Recently I was visiting with a good friend who told me he wished he had put $50,000 into EchoSign.  He told me he had this “extra” money for speculative investments.  This friend is a professional, certainly well paid, but with savings, after his home, vacations, schools, and whatnot, of likely a few hundred thousand dollars.  I told him that, nothwithstanding the eventual successful exit of EchoSign, that would have been a huge mistake.  It was simply too much of his savings, tied up for years in a nonliquid asset.  He shook his head.  “But I know you – you I should have invested in”.  That’s not enough, I tried to explain, why I didn’t take his money then, and wouldn’t take it now.

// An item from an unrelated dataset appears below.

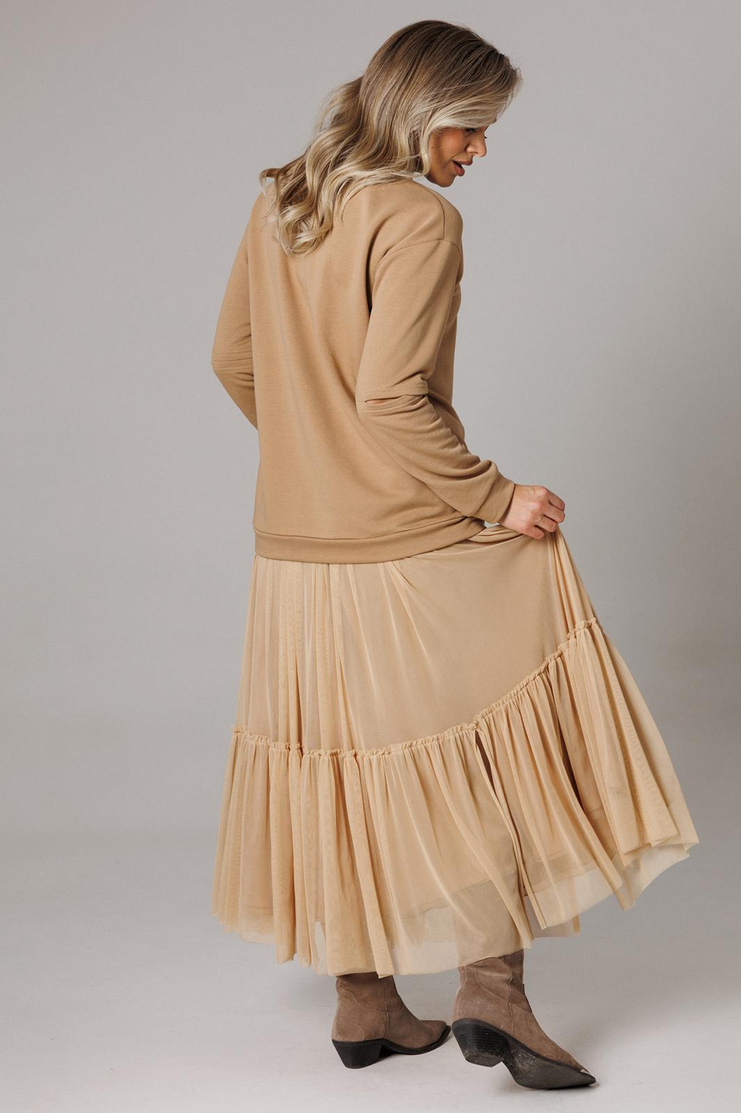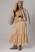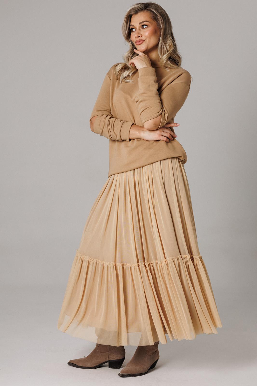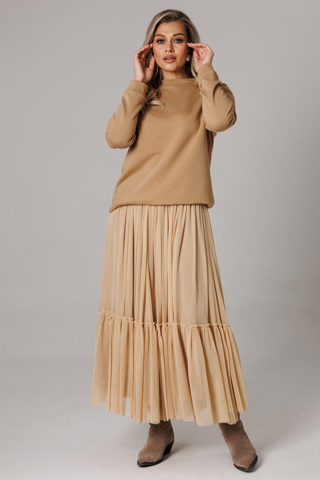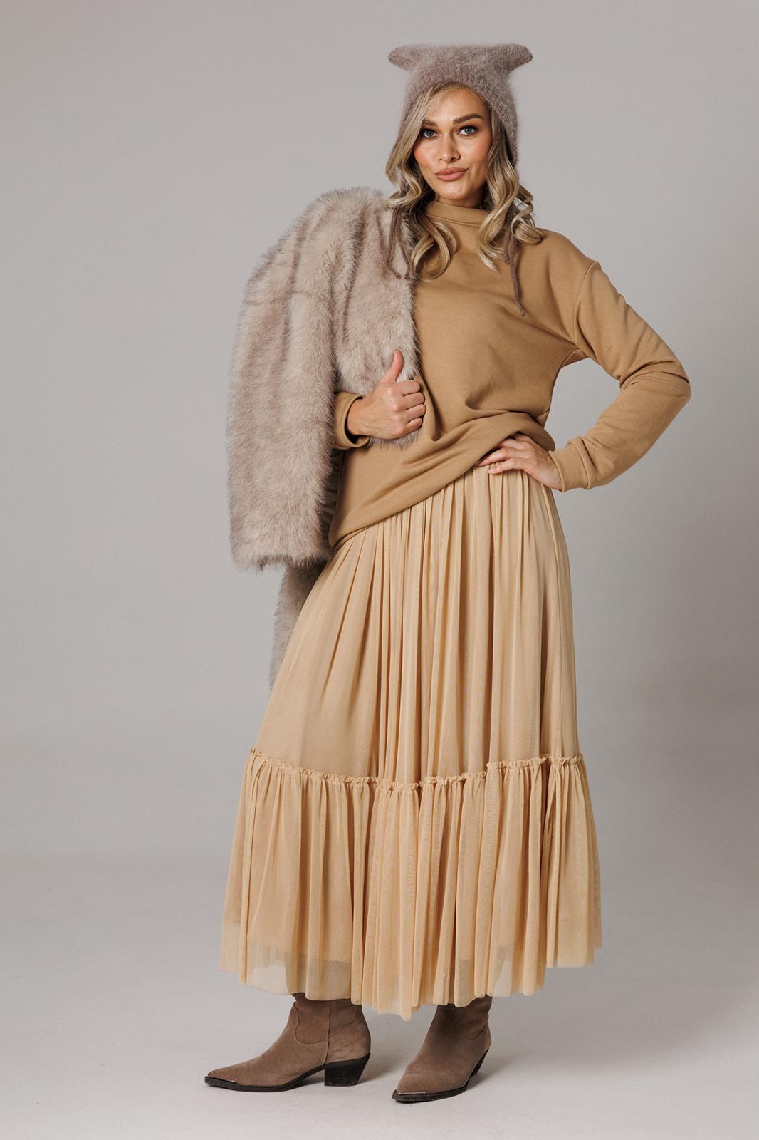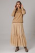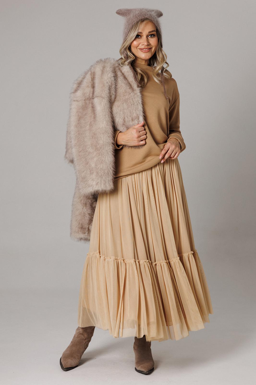 Оригинальный женский комплект от бренда Anastasia, идеальный для любого случая. Этот костюм сочетает в себе элегантность и комфорт, что делает его подходящим как для повседневной носки, так и для праздничных мероприятий. Джемпер оверсайз из трикотажного полотна. Прямого силуэта со спущенным плечом. Воротник-стойка. По рукаву идет подрез с разрезом. Низ рукава и низ джемпера - на манжете. Джемпер лекго сочетается с любыми низами: брюки, джинсы, юбка. Юбка макси из 2-х видов ткани: верх с отрезным валаном из стрейчевой сетки, подкладка юбка солце из шифона. Пояс на декоративной резинке. Фасон универсален, а использование резинки на поясе повышает комфортность носки, позволяя юбке адаптироваться под индивидуальные особенности фигуры. Юбку легко сочетать с различными верхами: топ, блузка, футболка, кружевной жакет, свитер или жакет из тексиля - все это позволит создавать различные образы на разные случаи. Длина по спинке 68см. Длина рукава (с манжетой): 60см. Длина юбки: 90 см

The problem is most seed investors aren’t doing the math, and don’t have enough capital to invest, and aren’t doing the right number of investments the right way.

Here’s the basic math:

  • Assume $25,000 minimum per seed investment (start-ups shouldn’t take less)
  • You probably need to do 30 seed investments to get a diverse enough base.  This also means you need to have pretty decent deal flow (you probably don’t).  And this is low for a seed fund (30 investments), but about what a $200-$250m VC firm might do (25-30+ investments).  So if you pick well, it probably is diverse enough.
  • So you really need to put about $750,000 to work ($25,000 x 30) — assuming again you have decent deal flow.
  • Even if you have the $750,000 liquid cash, and the deal flow, you should only really invest a few percent of your net worth in seed investments unless you are a professional.  This is basic portfolio theory.
  • So if you need $750,000 to make a go of it, and that should only be say 2% of your net worth maximum (or less), you probably need at least $15,000,000 – $20,000,000 in investable assets to make money off seed investing with a reasonable risk profile.

Of course, there are exceptions.  The dentists that founded Subway will point that out.  But even the exceptions are hard to see.  Everyone know someone they think are “great”.  You are probably right.  But odds are, their start-up will fail too.  So that’s just deal flow again, not a true exception.

Also, if Sequoia or someone is giving you the money for free to invest, that’s a no brainer 😉

But if you don’t have eight figures of liquid assets, and you don’t have the deal flow — you’ll probably end up a loser.